Agnieszka Holland’s three-part HBO Europe miniseries is a picture of events in Czechoslovakia following a dramatic act of protest in 1969
Agnieszka Holland’s superb three-part TV miniseries about the fight for liberty in a time of repression begins with the 21-year-old Czech student Jan Palach’s act of protest. Out of nowhere on a damp, chilly day in January 1969 he sets fire to himself using a bucket of gasoline in Prague’s Wenceslas Square (and subsequently dies) as a protest agains months of Soviet occupation of the country. Palach leaves a statement explaining he was one of a group who subsequently would continue these actions if nothing were done. Holland’s beautifully staged and photographed episodes show in detail what came next, a web of people and events all fanning out from this simple shocking one.
The authorities immediately mount a frantic effort to tamp down any further protest and find out who the others in Palach’s group are. Their belief ostensibly is that rebellion will bring on further Soviet repression: the purpose of Palach’s action nonetheless does come out. A police officer is put in charge of an investigation, Major Jire. He is played by Ivan Trojan, who recently also played the good cop fighting a corrupt system in David Ondrícek’s In the Shado (2012; SFJFF 2013), set in 1953, when the Soviets are using ex-Nazis to stage anti-Semitic show trials.

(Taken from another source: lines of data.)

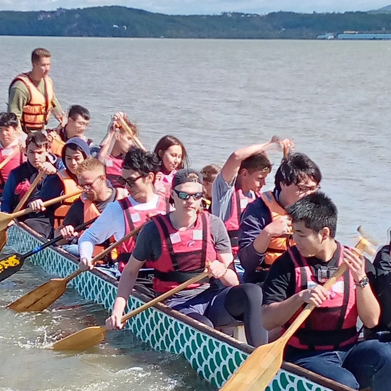 Завершающим и самым эмоциональным этапом спортивного праздника стал заезд на 100 м в составе смешанных интернациональных экипажей. Лучшее время показала команда, «костяк» которой составили студенты из Лаоса, тренирующиеся под руководством основателя спортивно-массовых проектов в гребле на лодках класса «Дракон» в Приморском крае Андрея Хоменко и имеющие опыт выступлений за команду ВВГУ в соревнованиях.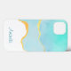 A phone case with a vibrant summery design. Turquoise / aqua green watercolor image with a wavy faux gold border. Elegant and lovely.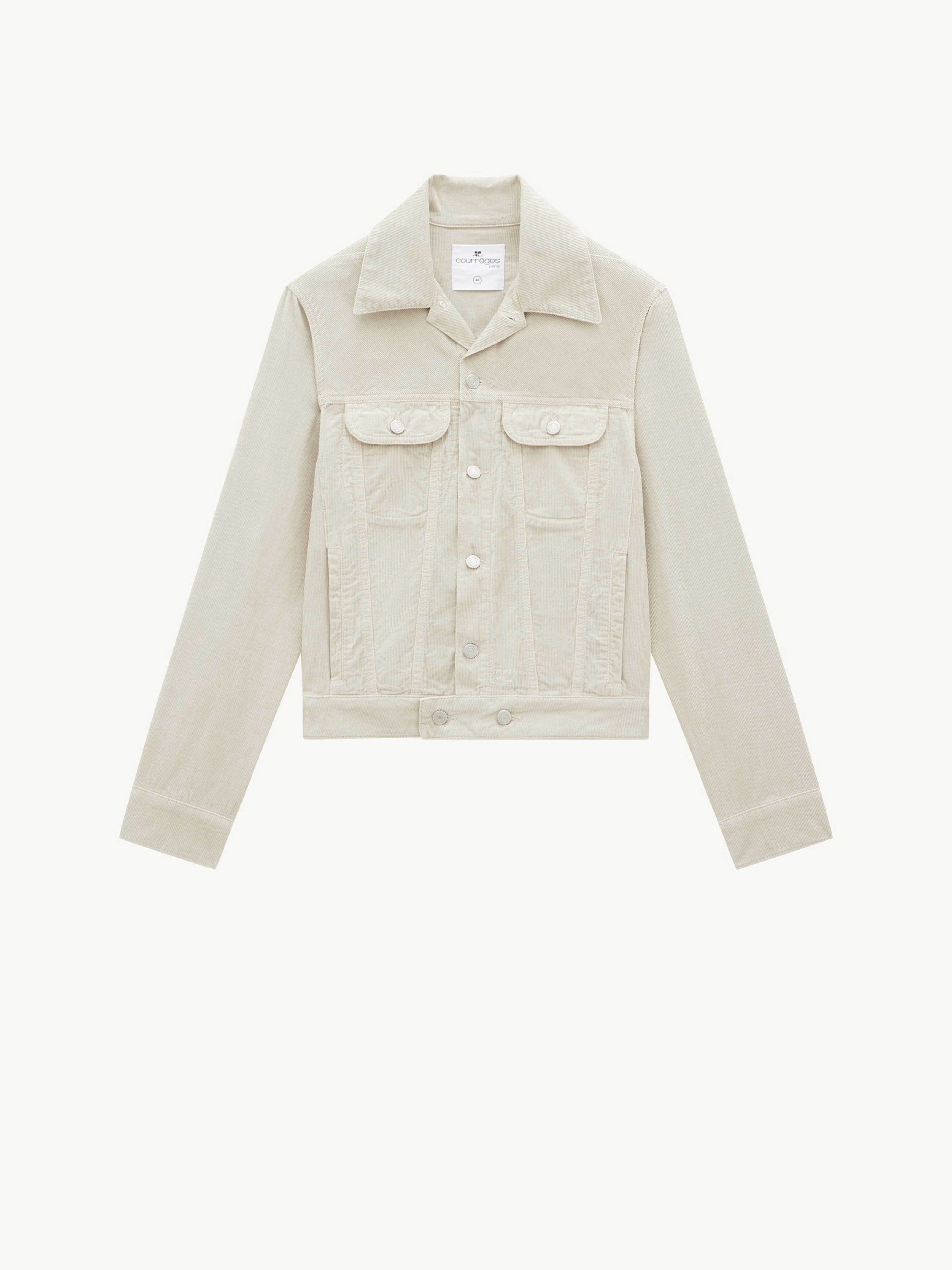 Corduroy trucker jacket with rounded pockets with flaps, metallic buttons and strap in the back. DETAILS Composition: 100% Cotton Color: Clay Country of manufacture: Morocco Item code: 123CBL084DE00181021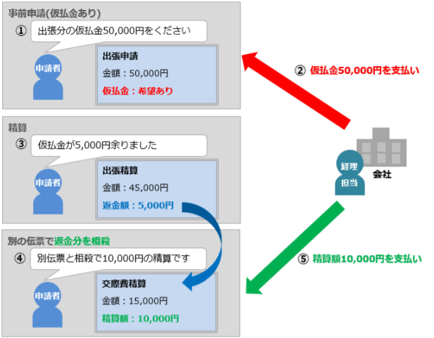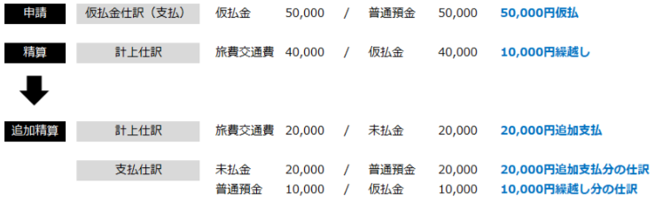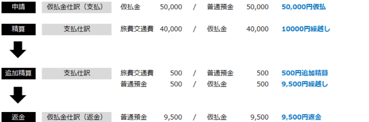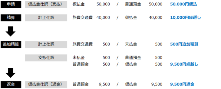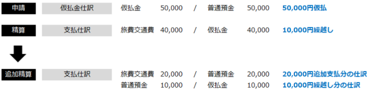 はじめて、④以降の精算にて、精算する金額と仮払金の繰越分を相殺した金額が反映されます。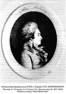 ![]() Unknown engraver - end of XVIII century. Portrait of P.P. Dubrovsky. Dotted line. 9x7.5 (oval); 14×11 (sheet). State Hermitage (inv. No. ERG-13264). The inscription on the oval: “Pierre Doubrowsky”[1] | |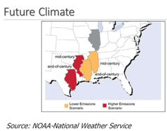 Future Climate and Strategies. Our future climate is predicted to be similar to the climate of our most southern states using lower emission and higher emission scenarios. The illustration below highlights this probability for mid-century to end-of-century forecasts for the State of Illinois. As an example of best practices, the NWS office in Davenport is powered by 40% renewable energy. Other national and local air emission reduction efforts will help to contribute to the slowing of climate trends. For more information on climate, refer to U.S. Global Change Research Program – National Climate Assessment at www.climate.gov.
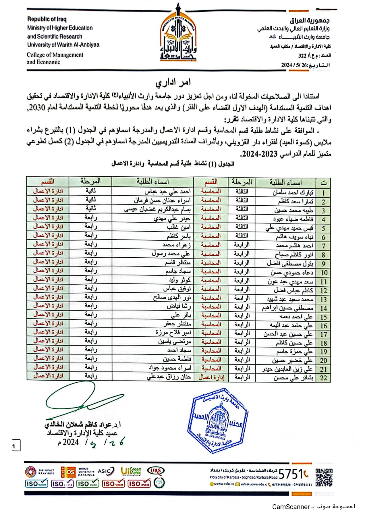 The College of Administration and Economics, along with its students, organized a voluntary initiative to buy Eid clothing for the poor at Al-Qazwini House, promoting the spirit of social solidarity and supporting the community.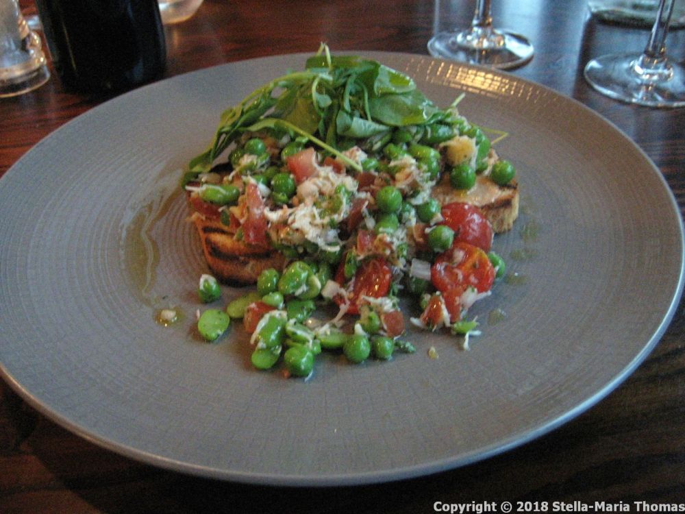 The other starter was the more interesting, being slightly more unusual, with lovely sweet Devon crab and crisp, crushed broad beans piled on sourdough toast, and swirled through with a brown crab infused mayonnaise, some lambs lettuce and a handful of flavoursome cherry tomatoes. It was a lovely thing. I’d just have liked more of the white crab, but that’s always the case. It’s a bit like mushrooms. You can never have too much white crab meat.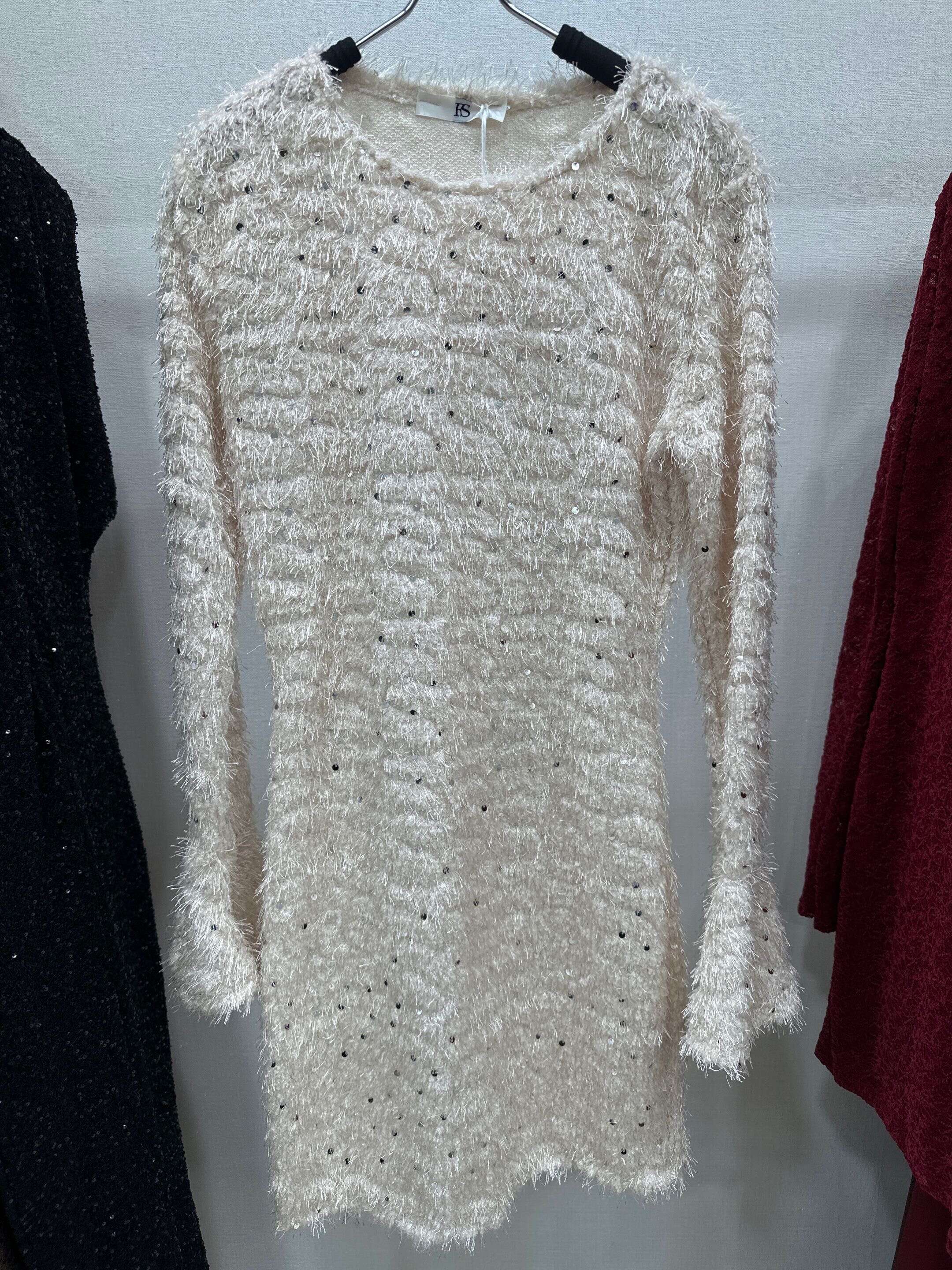 Wyjątkowo miękka sukienka z delikatnym włoskiem i połyskującymi aplikacjami. Nowoczesny krój zapewnia komfort i podkreśla sylwetkę.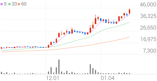전일 대비 14.18% 상승한 45,900원에 거래되고 있다.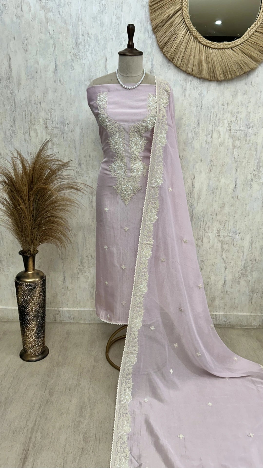 Elevate your ethnic wardrobe with this elegant Tissue Linen Unstitched Suit Set, designed to blend tradition with a touch of contemporary charm. Crafted from premium tissue linen, this fabric offers a subtle sheen and lightweight feel — perfect for festive and semi-formal occasions.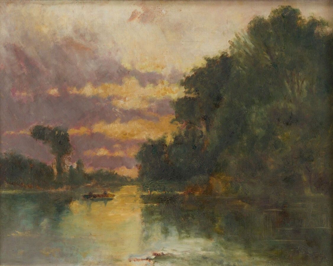 134. École de Barbizon Barque au soleil couchant Huile sur t…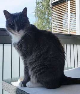 Löydetty Hollolasta Pihkatieltä nälkiintyneenä ja kylmissään marraskuun alussa. Antaa silittää ja koskea, mutta on vähän arka. Liikkunut muutamia viikkoja tällä alueella ennen talteenottoa.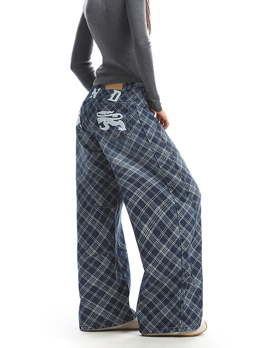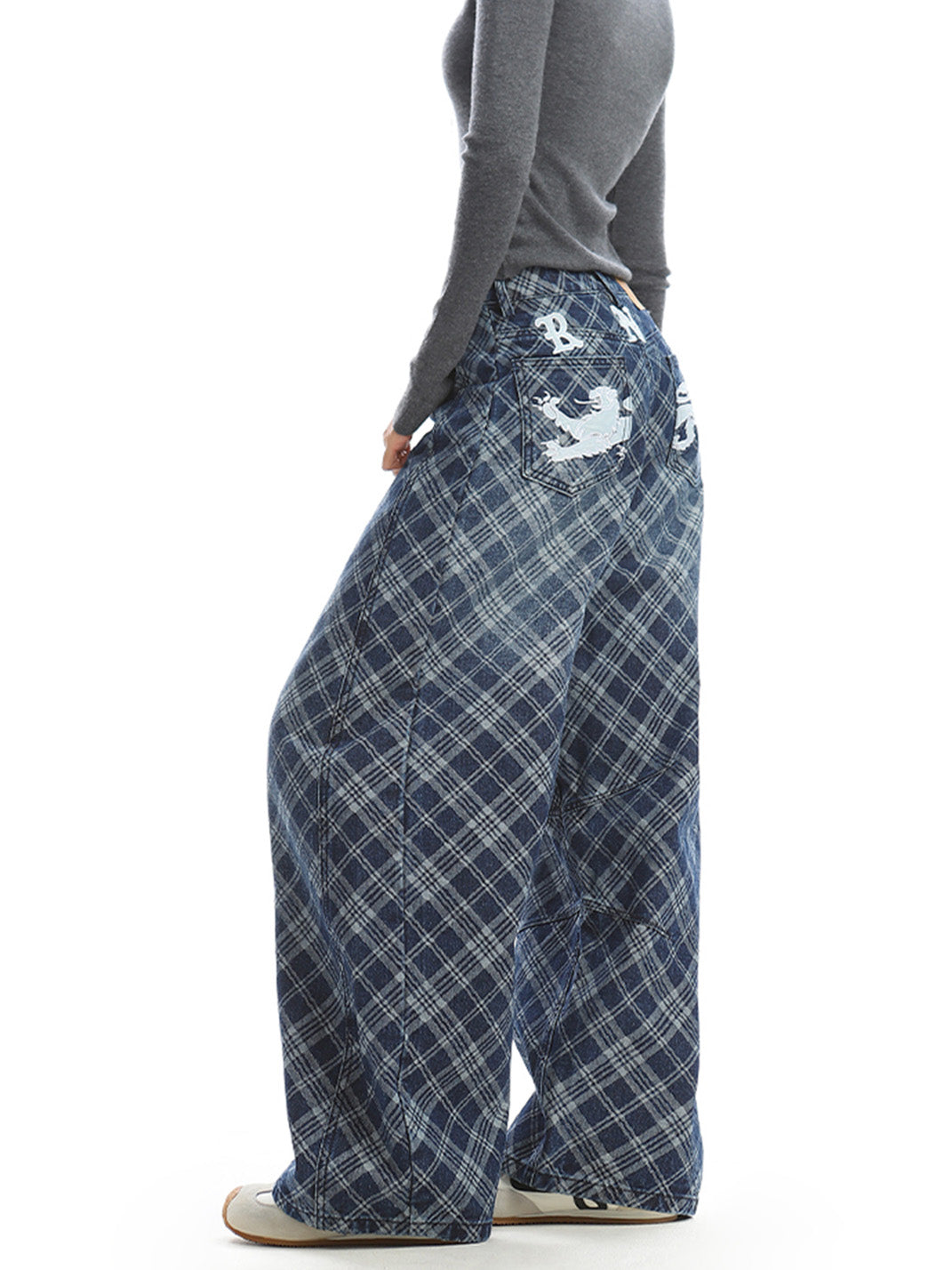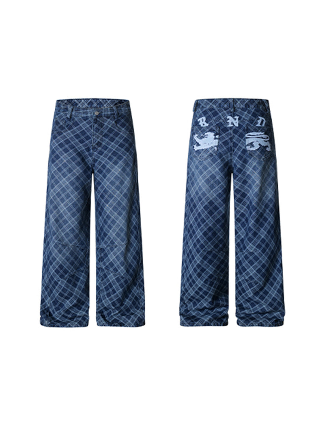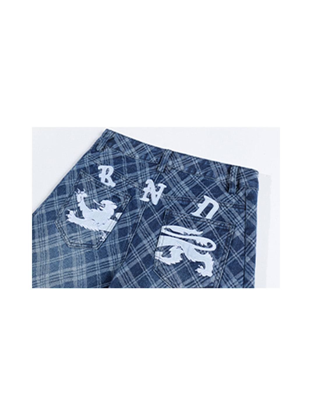 BIGGOLD | Embroidered Plaid Deconstructed Denim Pants saltar al contenido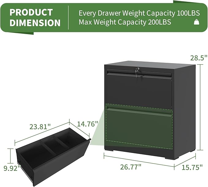 - 【Modern & Durable】This heavy-duty metal file cabinet is crafted from premium cold-rolled steel, offering exceptional durability and structural integrity. The powder-coated surface provides superior resistance to scratches, rust, and corrosion, ensuring long-lasting performance in busy office environments.

Later a Czech party hack and regional parliament member, Vilém Nový (Martin Huba), is manipulated by the Soviets to give a speech undermining Jan Palach’s protest, saying he was really a fascist nut who meant to fake his self-immolation but had it backfire. When news of this is published Jan’s mother Libuse (Jaroslava Pokorná) and brother Jiri (Petr Stach) call on beautiful young attorney Dagmar Buresova (Tatiana Pauhofova) to take on the party hack in a libel case, which becomes the focus of the action. This is cleverly intertwined with scenes involving members of Jan’s dissident group. Major Jiri finds the student who was closest to being Jan’s girlfriend, Hana Cízková (Emma Smetana), and when when she is devastated after Jan’s death coerces her into reading a fabricated statement in which Jan supposedly asks his allies to refrain from further self-immolation.
It gets more complicated and inbred, but in ways that seem thoroughly logical while you’re watching, and momentum comes from the energetic legal procedural story. Dagmar’s legal office-mate Vladimir Charouz (Adrian Jastraban) has a daughter, Vladka (Jenovéfa Boková) who’s one of the dissidents, and who’s found out by secret police Major Docekal (Igor Bares). Nový’s lawyer controls the judge in the libel case, who’s told what the outcome must be (Ivana Uhlirova). Within this context the young dissidents still strive and so does Dagmar, the beautiful attorney, who does everything to win the libel case. The Margaret Rutherford-like Jaroslava Pokorná as Jan’s mother becomes a surprisingly strong figure, an old peasant-y lady who continually grows more her son’s stubborn and explosive advocate.
Nonetheless the forces of repression are relentless and Dagmar’s doctor husband Radim (Jan Budar), as well as Libuse and Jiri, are battered and browbeaten by the authorities. Even Jan Palach’s grave is dug up and his coffin cremated and the ashes disappeared on the grounds that vistis to his grave caused disorder. Dagmar Buresova loses the case, which takes up much of the second and third episodes, but twenty years later Jan Palach is celebrated by protesters just before the fall of the Soviet Union, and the charismatic Dagmar became the first Czech minister of jutice in the post-communist era, closing titles tell us.
First time script writer Stepan Hulik maintains momentum, interweaves multiple characters and story lines, keeps the focus constantly on both repression and idealism, and yet avoids any easy or obvious climaxes or simplistic demonizing. There are always interesting people on screen. Dagmar’s office assistant and investigative ally Ondrej Trávnícek, really one of the dissenters too, is played by the very handsome Vojtech Kotek. It looks as if Dagmar and Ondrej will be the hot young couple of the piece for a while, even though Dagmar is married and has two children. One remembers Holland’s vivid use of young actors in earlier works like Europa Europa;Olivier, Olivier, and Total Eclipse.
Whatever happens though, the unifying thread is the balance of fear and repression against the will to resist. Seamless costume and period design and great photography by Martin Strba and Rafal Paradowski combine with uniformly good acting to provide a very classy mini-series (Holland has worked on “The Wire” and “Trame”).
Burning Bush/Horící ker, in Czech was made for HBO Europe, debuted at Karlovy Vary and Roterdam, was also shown at Toronto, and was screened for this review as part of the New York Film Festival at Lincoln Center, Sept 2013. It is the Czech Republic’s entry for the Best Foreign Oscar.